Citoid/html-metadata: Scrape metadata from html in your choice of 4 formats
completed by: m4tx
mentors: Andre Klapper, Mvolz
citoid is a Node.js application (written in Javascript) that retrieves information about a webpage, book, journal article, etc. given a URL to the webpage or some other identifier, like DOI (digital object identifier). There are installation instructions and more information available at https://www.mediawiki.org/wiki/Citoid; however, for the purposes of this project you don't need to install or use Citoid.
We get most of our metadata from another open source project, Zotero's translation-server. However, we also have a native webscraper in citoid, lib/scrape.js, which currently has very limited functionality.
To add more functionality to scrape.js (which currently just gets the contents of <title></title> and a few other properties), we'd like to take advantage of several other metadata standards that exist. These are:
OpenGraph (currently supported- don't pick this one!) https://phabricator.wikimedia.org/T1069
HighWire: https://phabricator.wikimedia.org/T76225
Embedded RDF: https://phabricator.wikimedia.org/T7622
CoINS: https://phabricator.wikimedia.org/T76223
Dublin Core: https://phabricator.wikimedia.org/T76224
As such, we're developing a node library that will be able to scrape all of these different types of metadata from html, https://github.com/mvolz/html-metadata
You can see in the file https://github.com/mvolz/html-metadata/blob/master/index.js that scrapeCOinS, scrapeHighWire, scrapeEmbeddedRDF, and scrapeDublinCore are all not implemented.

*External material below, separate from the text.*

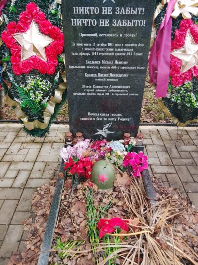 У деревни Григоровка, которая была занята немцами 14 октября, наши офицеры напоролись на врага. Что именно произошло в тот день, достоверно уже сказать невозможно. К. Шилов, написавший в 80-х годах исчерпывающее исследование о боевом пути 194-й СД на основе архивных материалов и личных воспоминаний ветеранов, писал, что «к сожалению, полковой комиссар М. Н. Ермаков и сопровождавшие его лица после отъезда из отряда пропали без вести – они не появились на КП армии и не вернулись в сводный отряд. По сведениям, которые все еще не получили документального подтверждения, группа военкома Ермакова по дороге на командный пункт командарма попала в засаду и погибла». В донесениях о безвозвратных потерях эти офицеры числились как пропавшие без вести. В журнале боевых действий 194-й СД данные об этом дне отсутствуют. Все, что мы имеем, – свидетельства местных жителей, которых, по понятным причинам, уже не расспросить.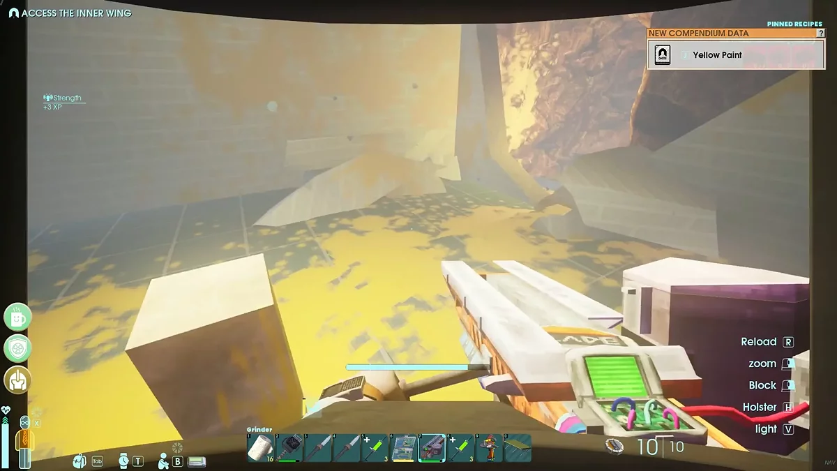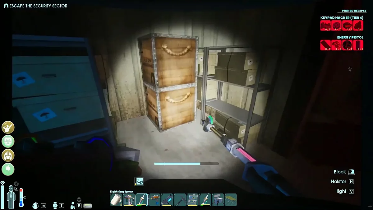 В конце хранилища будет проход в маленькое складское помещение, где в ящике с инструментами хранится масло и другие полезные новые материалы. Перед тем, как идти дальше по сюжету, подойдите к верстаку и изучите все новые рецепты. Также изготовьте специальные ящики для хранения и сложите туда ненужные вещи.

Choose one of the functions to implement, and comment which with function you've chosen to implement on this page when you've done so. More details about each different data format can be found in the phabricator link next to the type listed above to help you choose.
(please be advised that while the general wikimedia directions advise you to use gerrit for version control; as this is a Node.js library, not mediawiki specific software, you should use github.com to commit your work, as this library is not on gerrit. html-metadata is not currently published as a Node module but will be at some point.)